● **WORK ITEM**: Exactly the lines below starting at the line with "Detaylı Crop Triko" and ending at the line with "The EPA currently" are wanted, with both ends included. Leave out the pictures and add no other lines.

[[ INFORMATION PROVIDED, beginning ]]

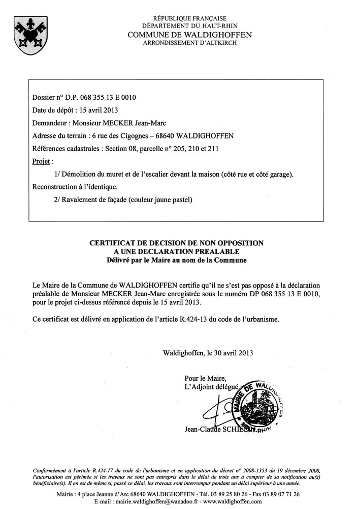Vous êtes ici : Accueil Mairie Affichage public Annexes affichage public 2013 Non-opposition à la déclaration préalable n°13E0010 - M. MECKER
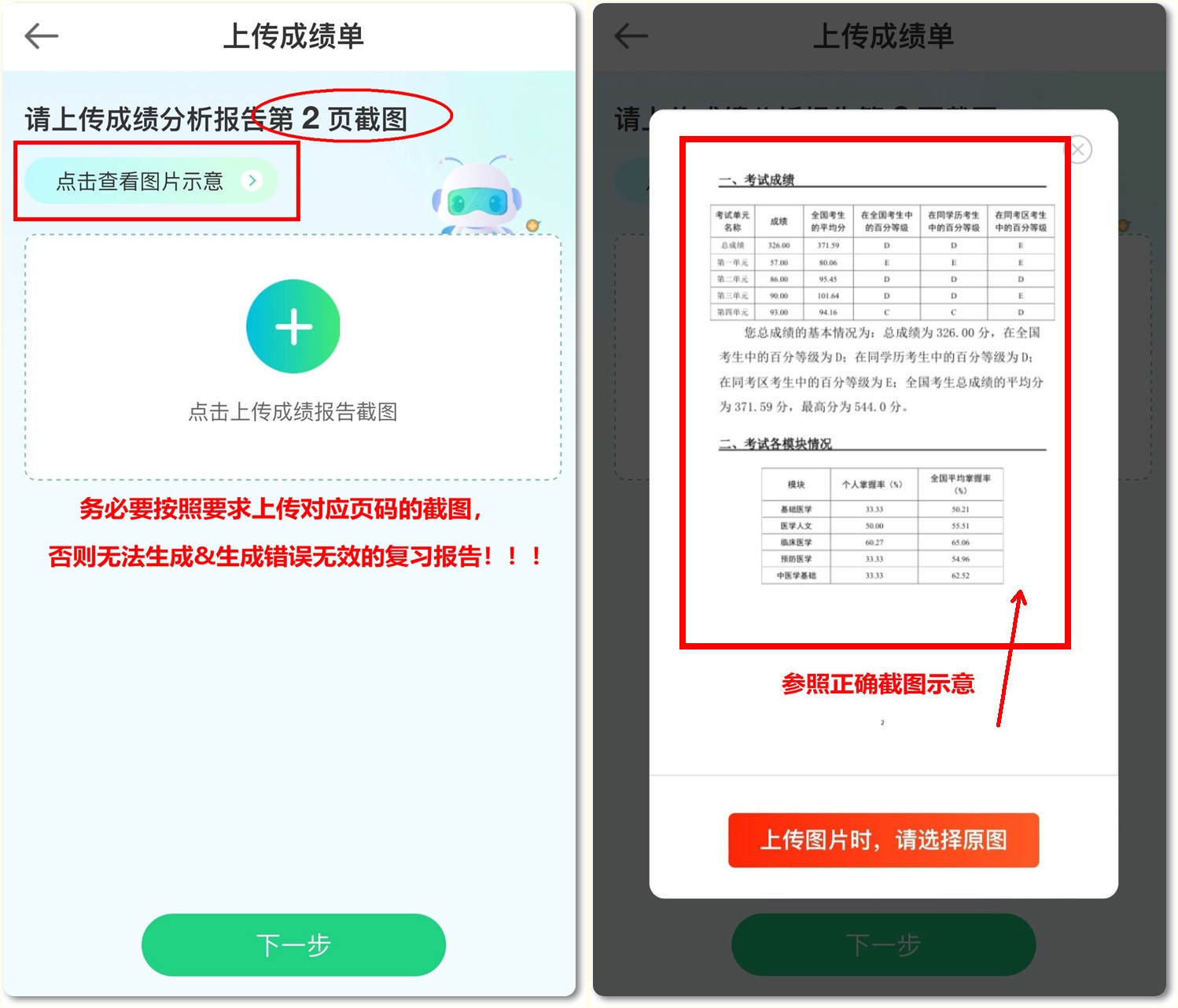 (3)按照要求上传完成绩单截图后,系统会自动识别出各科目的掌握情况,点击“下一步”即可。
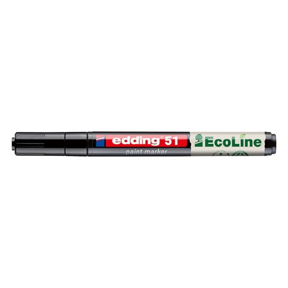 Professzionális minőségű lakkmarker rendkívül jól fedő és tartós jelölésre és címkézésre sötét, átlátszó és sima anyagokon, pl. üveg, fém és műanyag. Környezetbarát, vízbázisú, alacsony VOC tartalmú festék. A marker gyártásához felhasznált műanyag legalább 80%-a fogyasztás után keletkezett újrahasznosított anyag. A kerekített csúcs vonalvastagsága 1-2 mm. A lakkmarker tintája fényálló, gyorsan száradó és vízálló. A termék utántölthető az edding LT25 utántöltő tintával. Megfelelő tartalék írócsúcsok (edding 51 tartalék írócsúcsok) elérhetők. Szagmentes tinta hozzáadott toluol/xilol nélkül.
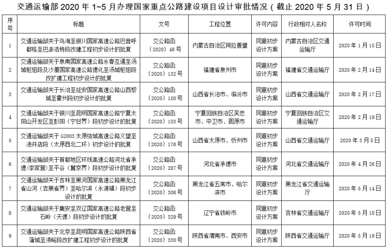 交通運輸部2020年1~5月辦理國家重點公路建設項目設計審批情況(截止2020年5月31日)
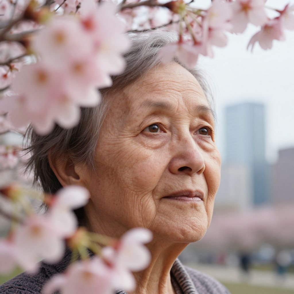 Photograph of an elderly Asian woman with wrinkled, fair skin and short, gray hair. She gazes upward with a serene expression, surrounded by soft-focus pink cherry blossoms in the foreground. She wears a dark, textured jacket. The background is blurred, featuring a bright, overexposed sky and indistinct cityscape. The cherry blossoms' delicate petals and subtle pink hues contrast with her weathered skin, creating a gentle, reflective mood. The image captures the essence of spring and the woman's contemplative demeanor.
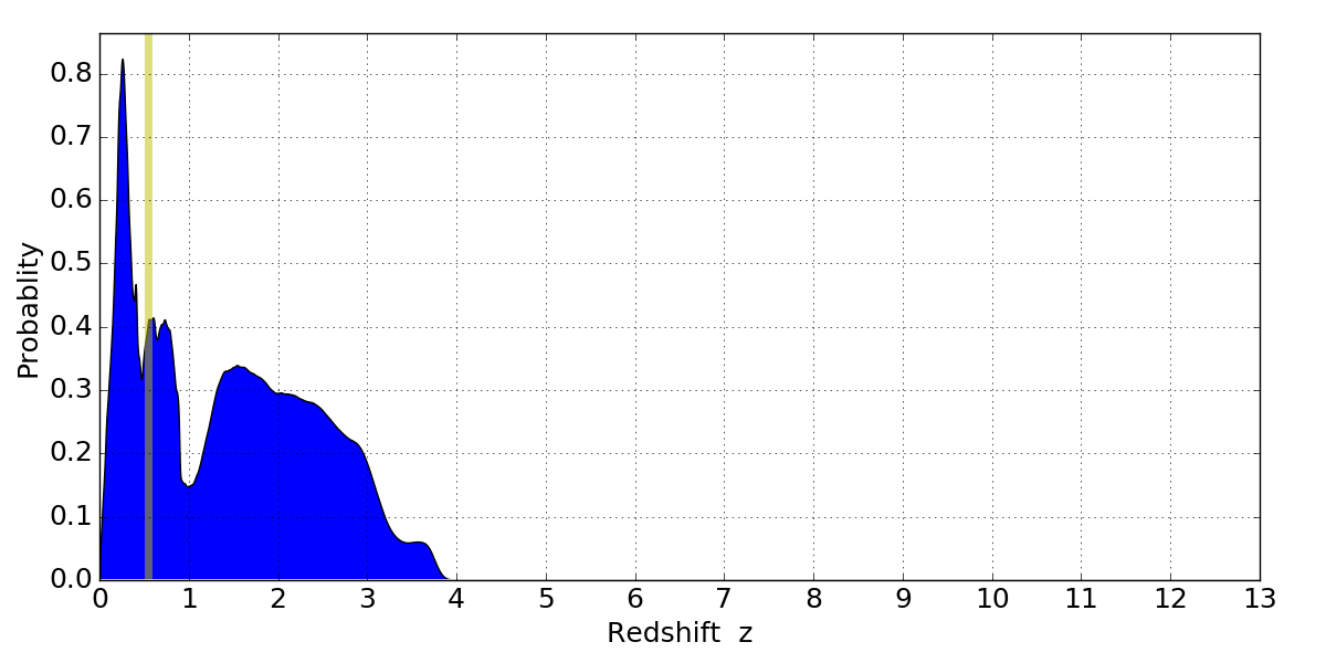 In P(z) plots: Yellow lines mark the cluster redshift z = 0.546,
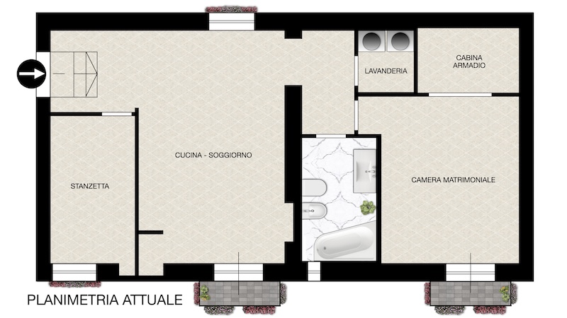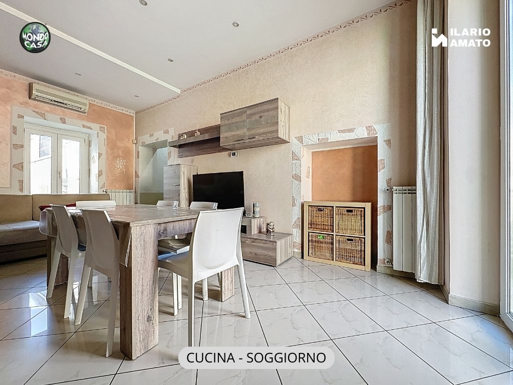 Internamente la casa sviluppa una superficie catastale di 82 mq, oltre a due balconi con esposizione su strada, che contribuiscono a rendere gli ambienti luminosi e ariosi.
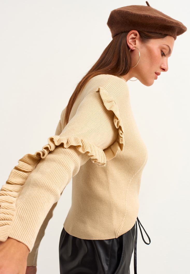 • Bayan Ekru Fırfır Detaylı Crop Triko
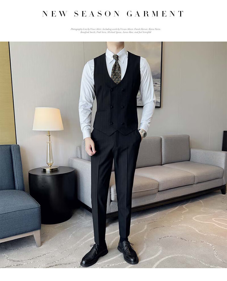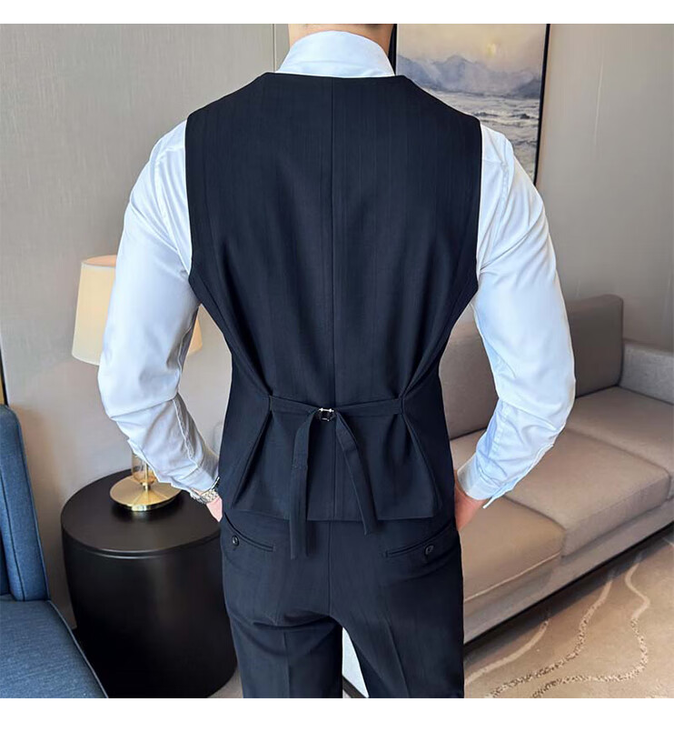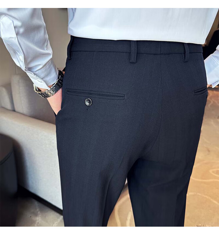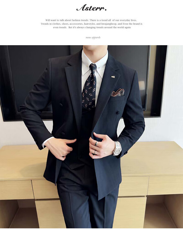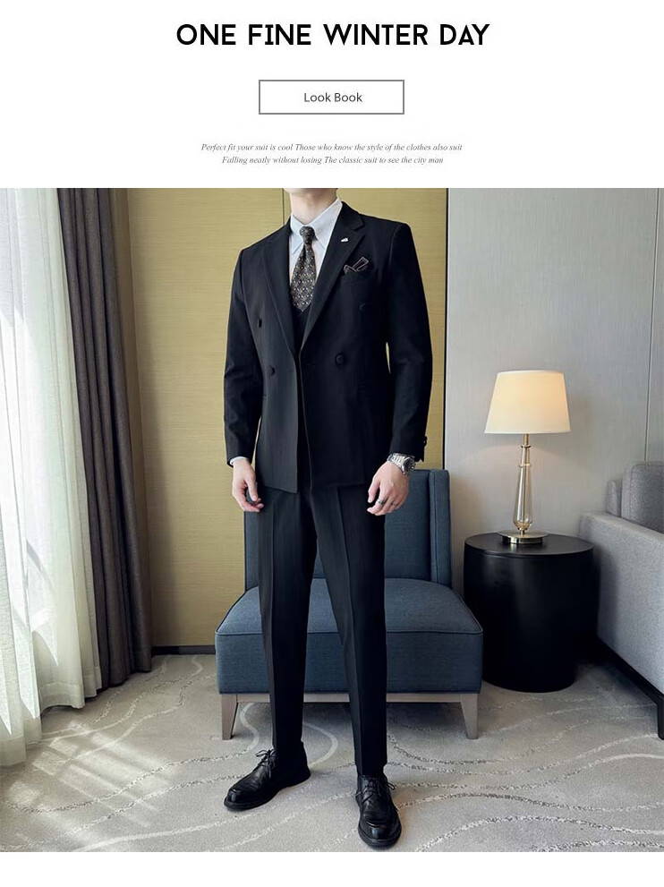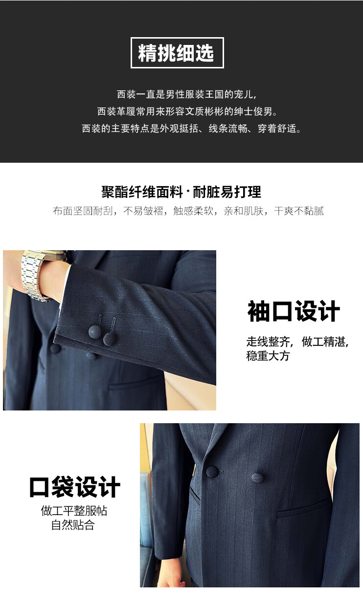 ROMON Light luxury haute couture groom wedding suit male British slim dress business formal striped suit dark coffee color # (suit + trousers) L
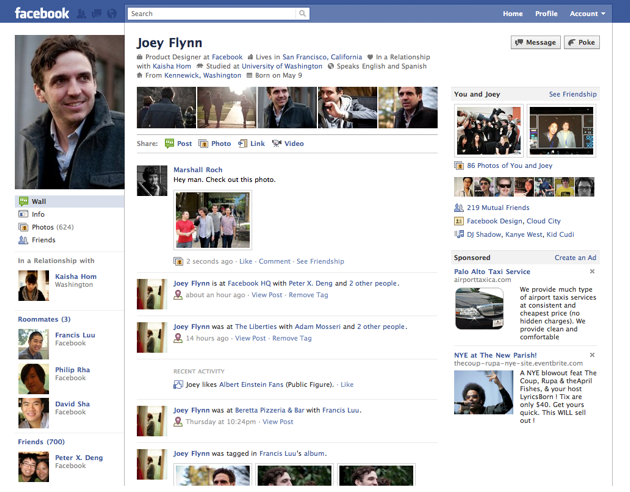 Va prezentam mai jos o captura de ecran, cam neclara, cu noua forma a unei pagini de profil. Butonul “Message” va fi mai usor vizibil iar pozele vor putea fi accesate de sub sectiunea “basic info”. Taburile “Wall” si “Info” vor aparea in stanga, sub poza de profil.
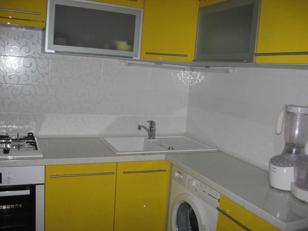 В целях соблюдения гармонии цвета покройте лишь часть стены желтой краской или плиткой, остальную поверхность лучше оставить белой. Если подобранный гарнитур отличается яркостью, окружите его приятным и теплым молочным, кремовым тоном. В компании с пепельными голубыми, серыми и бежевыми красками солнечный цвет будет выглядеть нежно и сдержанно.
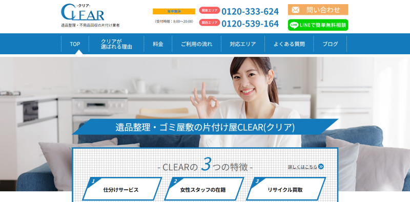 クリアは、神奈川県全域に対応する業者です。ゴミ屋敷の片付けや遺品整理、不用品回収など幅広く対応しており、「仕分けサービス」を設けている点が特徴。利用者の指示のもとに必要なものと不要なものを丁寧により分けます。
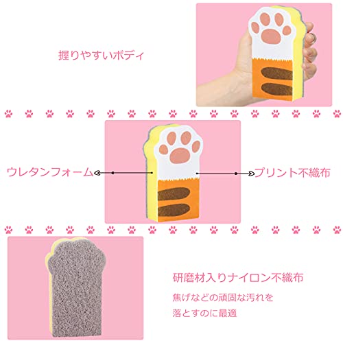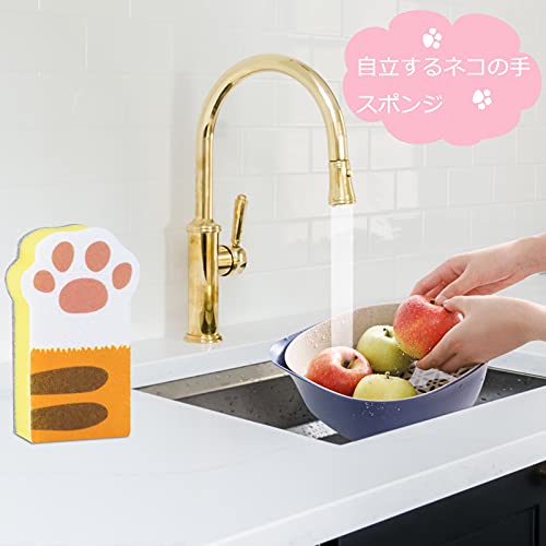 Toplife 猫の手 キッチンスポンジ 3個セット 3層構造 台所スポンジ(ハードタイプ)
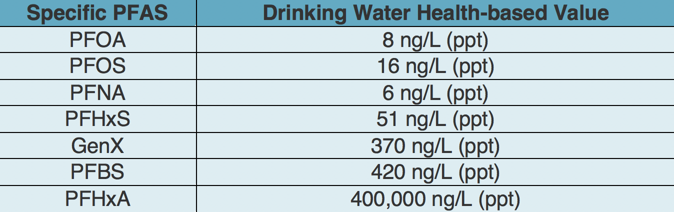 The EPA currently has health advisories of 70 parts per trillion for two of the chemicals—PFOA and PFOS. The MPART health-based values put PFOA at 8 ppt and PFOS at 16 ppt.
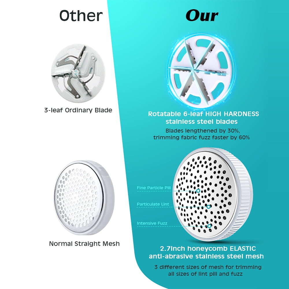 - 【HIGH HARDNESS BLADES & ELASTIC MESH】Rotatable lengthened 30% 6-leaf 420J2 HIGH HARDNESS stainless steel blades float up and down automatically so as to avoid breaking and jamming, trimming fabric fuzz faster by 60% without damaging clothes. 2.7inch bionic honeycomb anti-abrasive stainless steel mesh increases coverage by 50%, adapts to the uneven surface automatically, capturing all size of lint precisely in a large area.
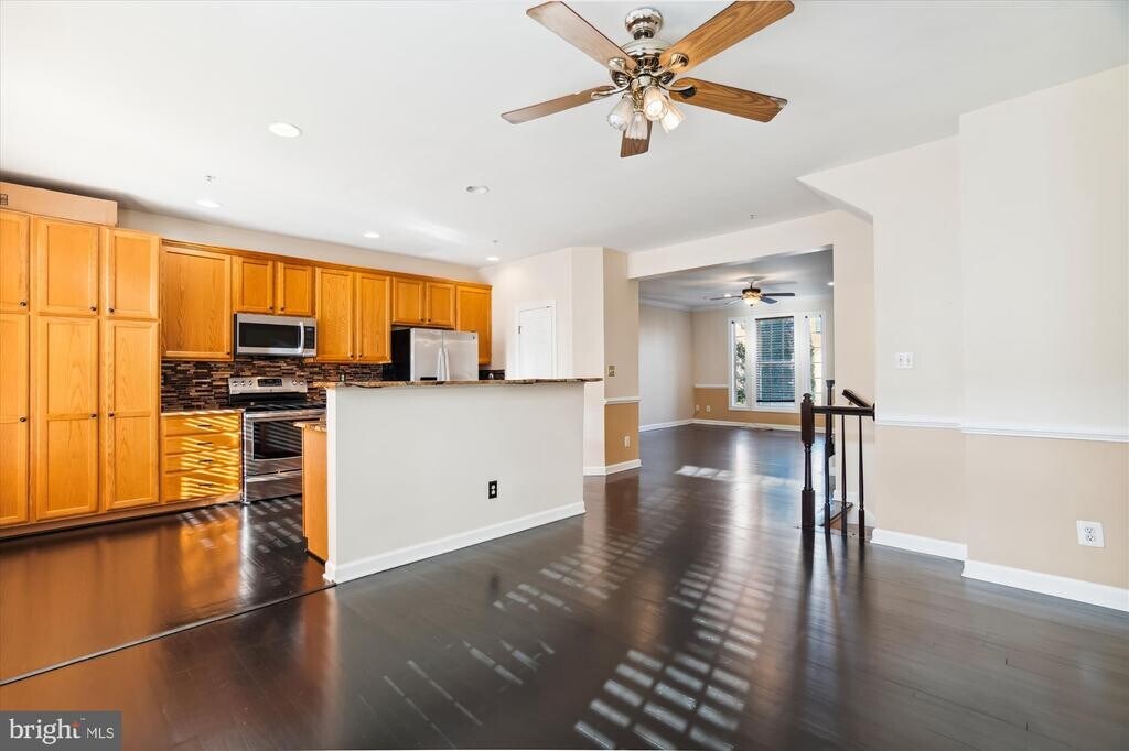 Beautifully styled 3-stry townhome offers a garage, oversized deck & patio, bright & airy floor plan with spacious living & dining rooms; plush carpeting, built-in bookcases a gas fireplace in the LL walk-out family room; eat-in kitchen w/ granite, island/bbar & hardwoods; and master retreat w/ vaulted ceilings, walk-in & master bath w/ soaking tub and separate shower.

[[ INFORMATION PROVIDED, end ]]

● **ANSWER SPACE**:
 • Bayan Ekru Fırfır Detaylı Crop Triko
 ROMON Light luxury haute couture groom wedding suit male British slim dress business formal striped suit dark coffee color # (suit + trousers) L
 Va prezentam mai jos o captura de ecran, cam neclara, cu noua forma a unei pagini de profil. Butonul “Message” va fi mai usor vizibil iar pozele vor putea fi accesate de sub sectiunea “basic info”. Taburile “Wall” si “Info” vor aparea in stanga, sub poza de profil.
 В целях соблюдения гармонии цвета покройте лишь часть стены желтой краской или плиткой, остальную поверхность лучше оставить белой. Если подобранный гарнитур отличается яркостью, окружите его приятным и теплым молочным, кремовым тоном. В компании с пепельными голубыми, серыми и бежевыми красками солнечный цвет будет выглядеть нежно и сдержанно.
 クリアは、神奈川県全域に対応する業者です。ゴミ屋敷の片付けや遺品整理、不用品回収など幅広く対応しており、「仕分けサービス」を設けている点が特徴。利用者の指示のもとに必要なものと不要なものを丁寧により分けます。
 Toplife 猫の手 キッチンスポンジ 3個セット 3層構造 台所スポンジ(ハードタイプ)
 The EPA currently has health advisories of 70 parts per trillion for two of the chemicals—PFOA and PFOS. The MPART health-based values put PFOA at 8 ppt and PFOS at 16 ppt.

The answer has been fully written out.